Friday, October 07, 2022

heelers defies the swastika

 

A gritty enough suburban church.

At the same time one of the most splendid buildings on earth of course.

I glance around.

There are quite a few people here. It's a lunchtime mass on a weekday and I've wandered in by chance while attending a Jobs Fair in the area.

But there is a crowd here.

Yes, quite a congregation.

People in every pew.

Don't get me wrong.

It's not about the numbers.

It never was.

It's about repent and believe.

It's about love God with all your heart and love your neighbour as much as you love yourself, this is all of the law and all of the Prophets, the whole Bible, the entire revealed truth of the universe.

It's about the reality of Jesus.

It's about this gospel will be preached to the ends of the earth and then the end will come.

Well so I've been told.

And the people are here.

After a fifty year culture war against Christianity in Ireland, the people are still here.

My mind dwells briefly on how throughout my lifetime Independent Newspapers, the Irish Times and the broadcaster RTE have been predicting the imminent demise of the ancient church.

And worse.

They've spent the last fifty years using slander to try and make it happen.

I wonder to myself wryly how many of the congregation here have bought an Irish Times or an Irish Independent lately.

My mind returns to the altar.

With a start I realise that I recognise the priest.

Why it's Father Brian McKevitt.

When I started secondary school in 1978, Father McKevitt taught me a subject styled Civics.

I remember the first class being about the concept of a good citizen which basically boiled down to: If you see something that needs doing, don't wait for someone else to do it, do it yourself or some such.
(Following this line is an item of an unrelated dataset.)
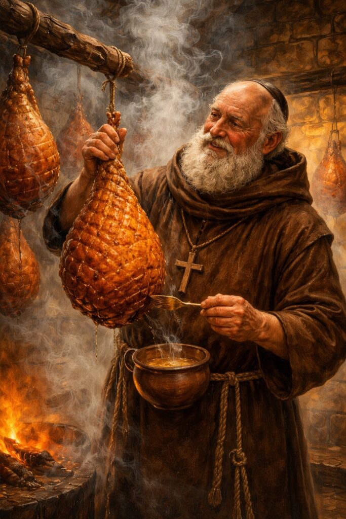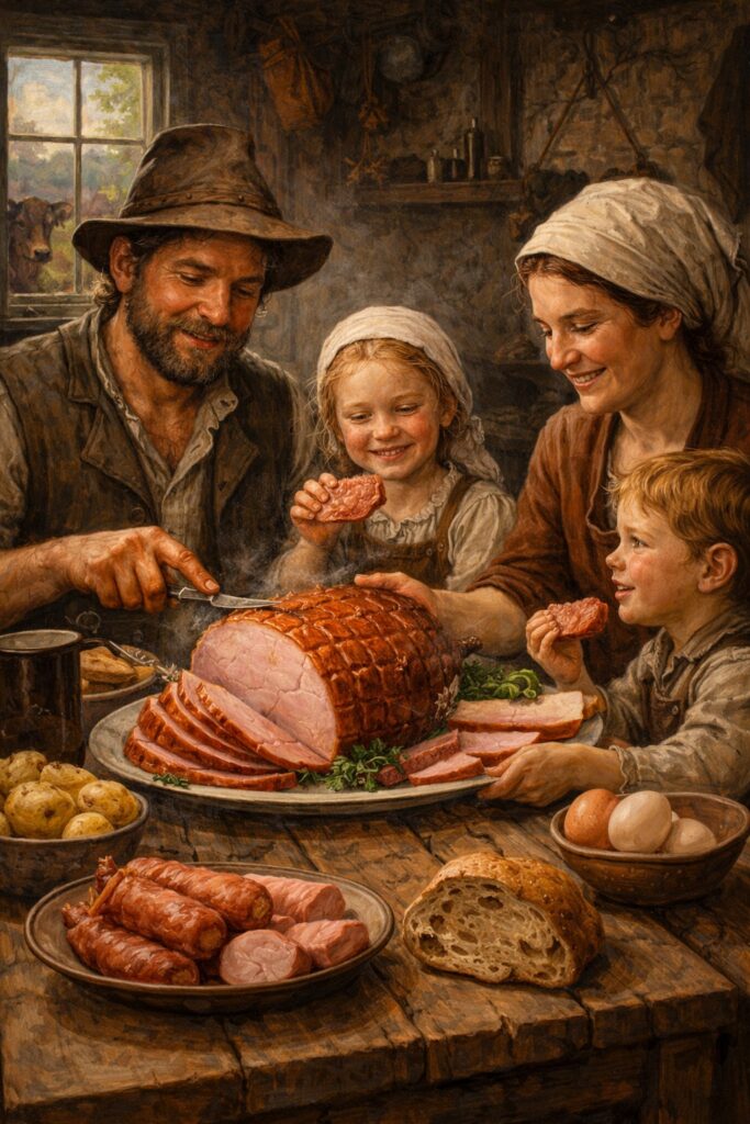 В Европе вплоть до начала ХХ века ветчина считалась обязательным праздничным блюдом на двух праздниках — Пасхе и Рождестве. Забивали же свиней обычно в конце октября, перед первыми заморозками. Холодильников тогда ещё не было, в погребах стояла плюсовая температура, а во многих регионах ноябрь мог выдаться довольно жарким. Тем не менее ветчина совсем не портилась. Более того, считалось, что окорок будет готовым только через 16 месяцев. То есть, засаливая и коптя мясо на октябрьский праздник урожая, крестьянин надеялся полакомиться этой ветчиной только к Рождеству следующего года, а то и к Пасхе. В среднем же окорока хранились три года, но и через пять лет были вполне съедобны.

Back then I was a callow youth.

So was he for that matter.

Ah no the years oh, how the sick leaves reel down in throngs.

I am rather pleased at the synchonicity which has brought me here when he is celebrating the mass.

There is a serenity about him which is also pleasing.

In his youth he was a bit of a controversialist. His Civics class in 1978 quickly moved on from the notion of the good citizen to riper fare, to wit, the role of newspapers in society, and in a few short weeks taught me more about real journalism, specifically the ideological dispositions of newspapers and broadcasters, than the university course I later pursued on that subject.

He went on to edit a newspaper called Alive which was about the only real newspaper in Ireland at one stage.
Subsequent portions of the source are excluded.